George Zimmerman being sworn in. Picture compliments of the NY Times.

The George Zimmerman trial / Trayvon Martin case is gearing up for trial, and with the state prosecutor’s introduction of audio voice ID experts, it is surely one of the more controversial forensic audio cases we’ve seen in the last few years. The defense is claiming these state experts are using unproven and non scientific techniques. Using these controversial techniques, the states wishes to prove who cried for help during the 911 call.

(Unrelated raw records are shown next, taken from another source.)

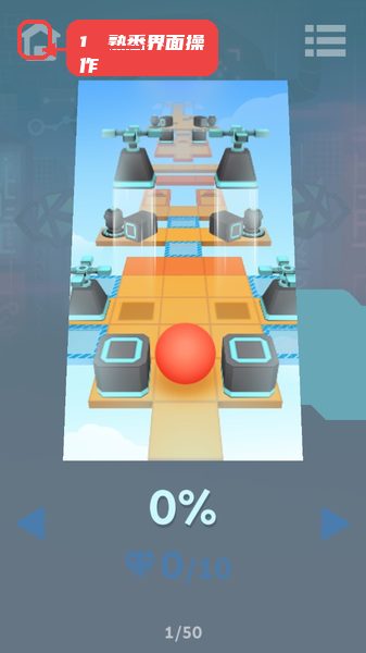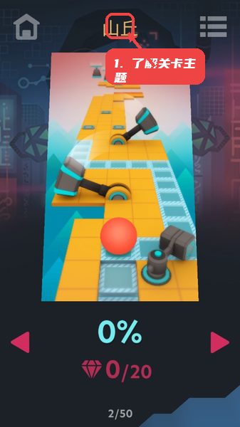 进入游戏首页,注意左上角主页按钮和顶部进度显示,底部左右箭头是控制球体滚动的主要方式。先尝试简单关卡适应操作节奏。
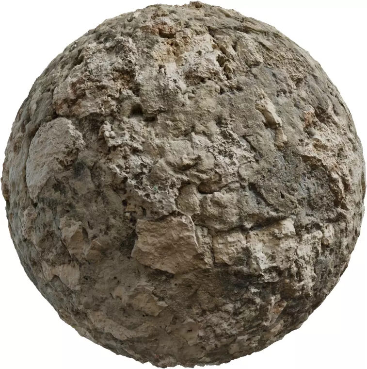 This is a highly realistic broken rock cliff stone PBR texture scanned and processed for professional level environment creation. The material features naturally fractured rock formations, deep cracks, chipped stone chunks, rugged surface cavities and organic weathering details. Perfect for creating realistic mountains, canyon walls, rocky cliffs, ancient ruins, desert rocks, old temple walls, beach rocky formations, and any terrain where realistic stone detail is needed.
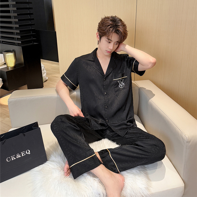고급 아이스 실크 커플 파자마 여성의 봄 새로운 반팔 바지 자카드 핫 라인스톤 세트 플러스 사이즈 남성 홈 의류스토어 가기
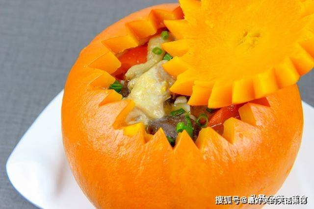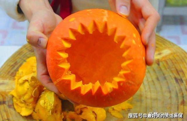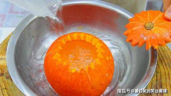 两分钟后,一个非常漂亮的南瓜盅就做好了。

For those who aren’t aware of the case, George Zimmerman was on a neighborhood watch patrol and spotted 17-year-old Trayvon Martin walking through the neighborhood in the rain. Zimmerman claims Martin was acting suspiciously, and seeing as there had been a recent string of burglaries in the neighborhood, Zimmerman decided to follow him, at which point an altercation ensued, resulting in Zimmerman firing one fatal shot into Martin’s chest, which he claims was in self-defense.

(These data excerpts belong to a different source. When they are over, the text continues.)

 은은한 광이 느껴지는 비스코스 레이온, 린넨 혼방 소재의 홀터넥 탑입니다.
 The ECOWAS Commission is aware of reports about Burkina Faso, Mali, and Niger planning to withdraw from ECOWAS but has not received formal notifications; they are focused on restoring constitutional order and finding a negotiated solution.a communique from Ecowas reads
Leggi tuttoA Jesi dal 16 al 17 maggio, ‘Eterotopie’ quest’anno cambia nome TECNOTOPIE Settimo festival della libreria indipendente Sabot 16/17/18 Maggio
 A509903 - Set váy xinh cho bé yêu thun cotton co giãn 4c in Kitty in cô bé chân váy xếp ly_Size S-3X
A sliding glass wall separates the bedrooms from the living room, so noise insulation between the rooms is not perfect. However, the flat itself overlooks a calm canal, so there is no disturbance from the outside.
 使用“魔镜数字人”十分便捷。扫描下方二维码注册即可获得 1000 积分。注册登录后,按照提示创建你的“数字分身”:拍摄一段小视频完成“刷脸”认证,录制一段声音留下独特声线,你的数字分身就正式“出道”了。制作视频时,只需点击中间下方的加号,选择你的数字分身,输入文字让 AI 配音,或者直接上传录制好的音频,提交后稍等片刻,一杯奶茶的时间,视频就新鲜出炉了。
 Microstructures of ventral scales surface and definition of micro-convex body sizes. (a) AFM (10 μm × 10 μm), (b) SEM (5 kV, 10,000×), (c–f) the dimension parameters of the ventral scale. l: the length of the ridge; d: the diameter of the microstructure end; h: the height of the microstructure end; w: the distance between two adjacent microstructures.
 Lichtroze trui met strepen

While the incident was in progress, a neighbor called 911, and in the background of that call, we can clearly hear an individual screaming for “help.” We know that only two people were involved in the altercation: Trayvon Martin and George Zimmerman. So how can we figure out which one of them was calling for help? The prosecution is claiming that their voice identification experts can uncover the answer through their use of audio enhancement and audio analysis software.

Just like with fingerprints, every person on this earth has their own unique voice: no two voices are the same. With fingerprints, we distinguish between them through a close-up visual observation. With voice, you can also look at the audio signal closeup to distinguish differences.

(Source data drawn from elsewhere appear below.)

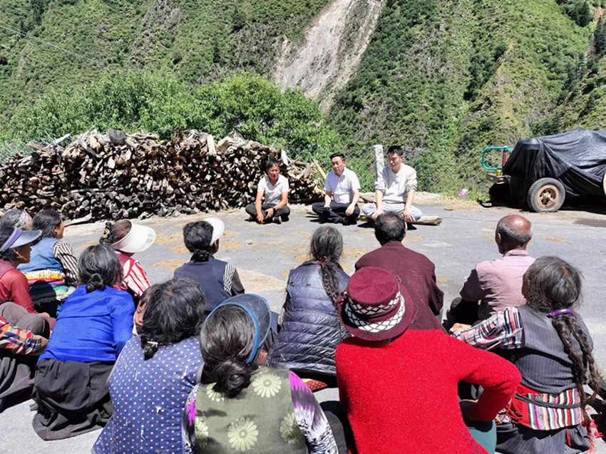 圖為絨壩鄉(xiāng)干部向群眾宣傳防汛知識(shí)。
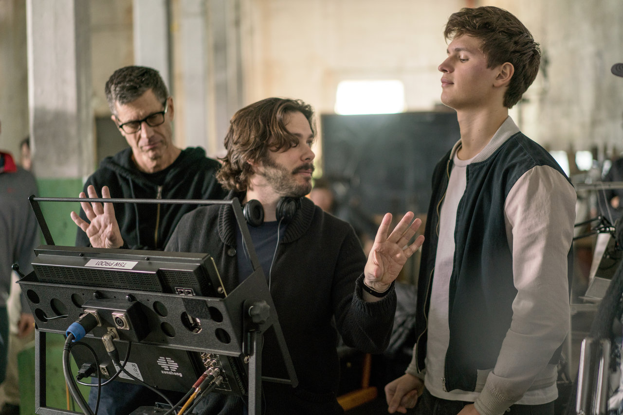 Director Edgar Wright (centre) and actor Ansel Elgort (right) on the set of the heist thriller Baby Driver. PHOTO: TRISTAR PICTURES
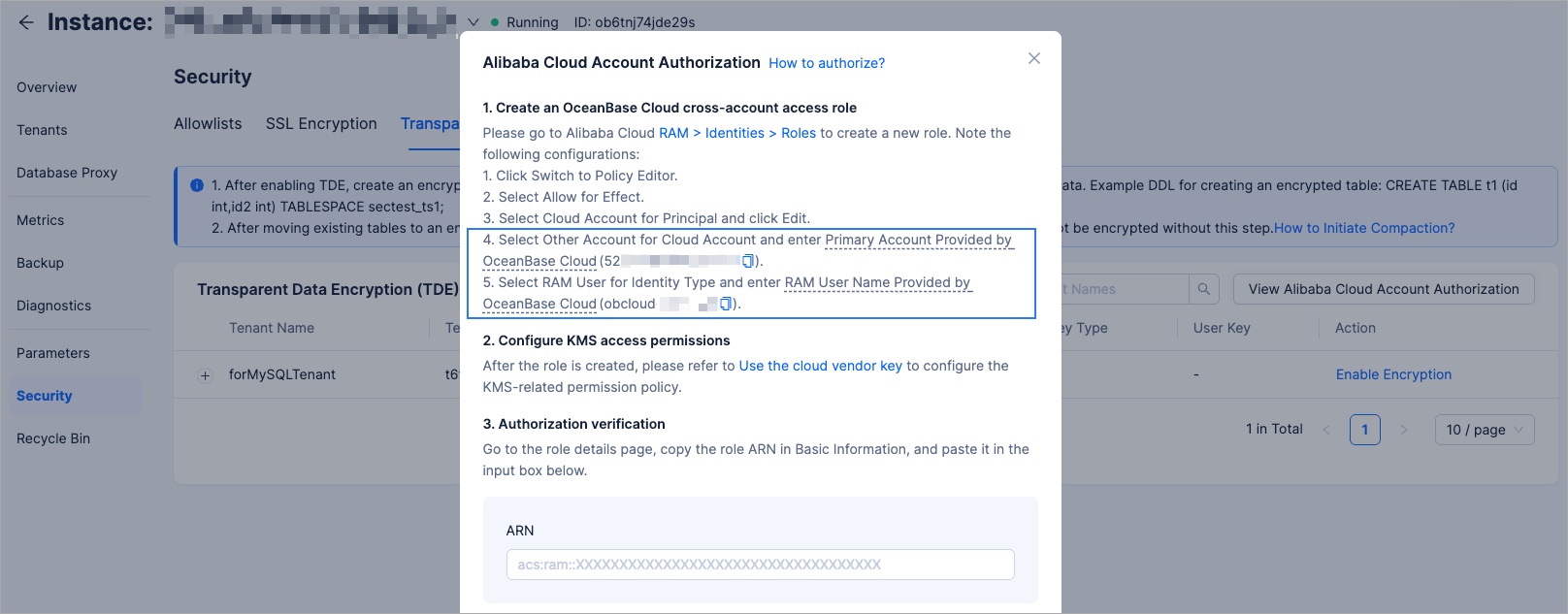 You can find the OceanBase Cloud account ID and RAM username under Security > Transparent Data Encryption (TDE) > View Alibaba Cloud Account Authorization.
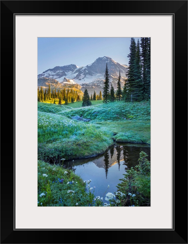 <p>USA. Washington State. Mt. Rainier reflected in tarn amid wildflowers at Indian Henry's Hunting Ground, Mt. Rainier NP.</p>
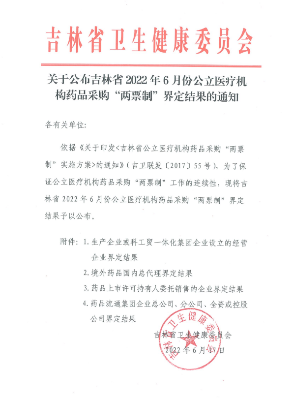 【吉林】关于公布吉林省2022年6月份公立医疗机构药品采购“两票制”界定结果的通知
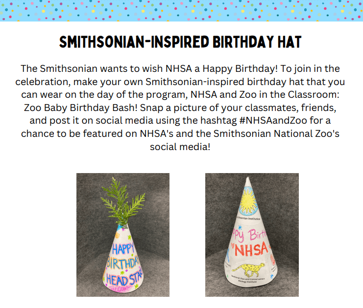 You can see all of our virtual field trips to zoo in preparation for the birthday party by visiting our NHSA in the Classroom page. We can’t wait to celebrate with the zoo!
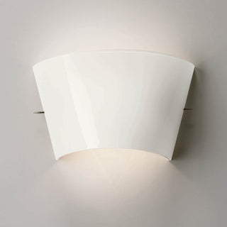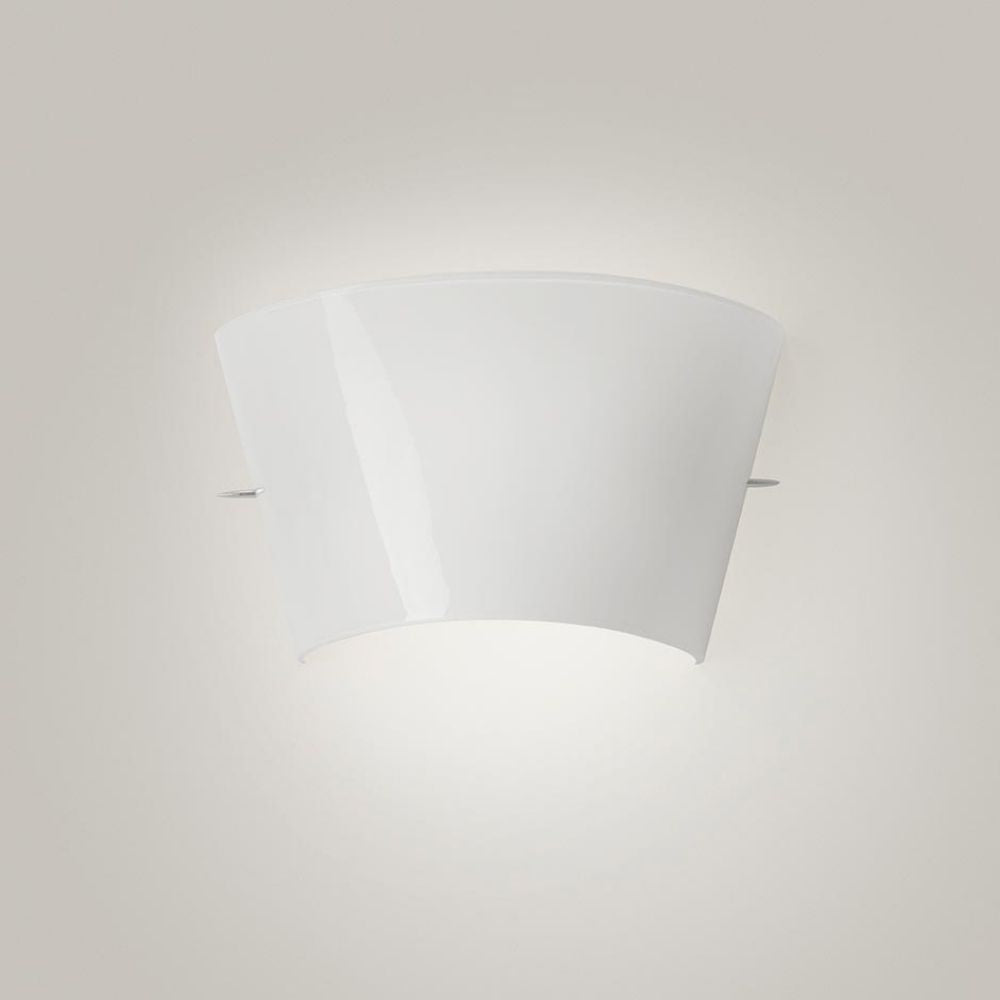 Foscarini Tutù is a white wall lamp composed of a sconce in which diffuser and frame are joined by a pin. It is characterized by a blown glass band that bends, releasing through the diffuser a warm light band on the wall. The parallel sides of the lamp have different lengths and this makes it versatile and mountable.
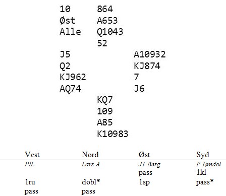 Jeg ser du skryter av Lars Arthur, og der må jeg bare henge meg på. En mer behagelig og velspillende makker skal en lete lenge etter! Her er et eksempel fra helga (Kamp 2, første halvrunde, spill 10). Det var bare snakk om et overstikk i en delkontrakt, men det forringer ikke poenget med å hjelpe makker.
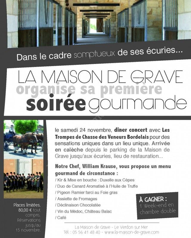 Ce 24 novembre, La Maison de Grave (Gîte d'étape relais équestre) vous invite à sa première soirée gourmande : une soirée athypique dans les écuries qui seront aménagées en salle de réception.
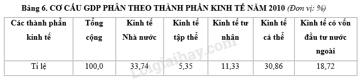 Giải câu 5 trang 21 SBT địa 9, Cho bảng 6: a) Vẽ biểu đồ cơ cấu GDP phân theo thành phần kinh tế nước ta, năm 2010. b) Nhận xét về cơ cấu GDP phân theo thành phần kinh tế ở nước ta.
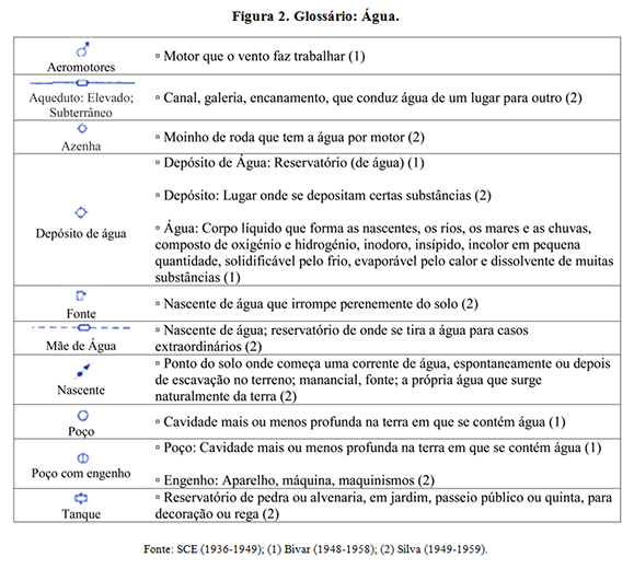 A seleção dos termos contemplados neste Glossário provém da análise efetuada às legendas da Carta Militar de Portugal (SCE, 1936-1949), de onde foram extraídos dezanove símbolos relativos aos temas Água e Cultivos (ver figuras 2 e 3). Para os 29 termos considerados foram selecionadas as definições que apresentavam maior concordância entre autores e que melhor respondiam aos objetivos do projeto MEMO.

Using high tech tools, a piece of audio can be uploaded into software and converted to a visual signal over a timeline. You can study that digital representation of sound to observe how an individual pronounces words and even individual letters.

For example, every person says the word “couch” differently. So, assuming you can gather a clear sample of two people saying “couch,” when you forensically compare the two people’s pronunciation of the word, you’re able to see how each audio sample is different from one another.

But in order to do a comparison such as this, one has to have recordings of multiple words said by the people under review. Not only that, but it’s important to note that words that are said in duress would not give the same results as words said during relative calm.

In the Zimmerman/Martin case, not only are there very few words on the 911 call, but they are said in extreme duress. In addition, the sound of those few words is of very poor quality!

Although the prosecution’s expert claims the yelling is not from Zimmerman, I believe it is impossible for this to be supported in court. Maybe in the future, new technology and techniques will be available, but not today. And the defense audio experts — who are, by the way, much more respected in this field than the prosecution audio experts — agree with me.

It will be interesting to see the specifics of the voice experts testimony during this hearing and how the judge rules on whether the prosecution can have this audio expert testify in front of a jury during trial.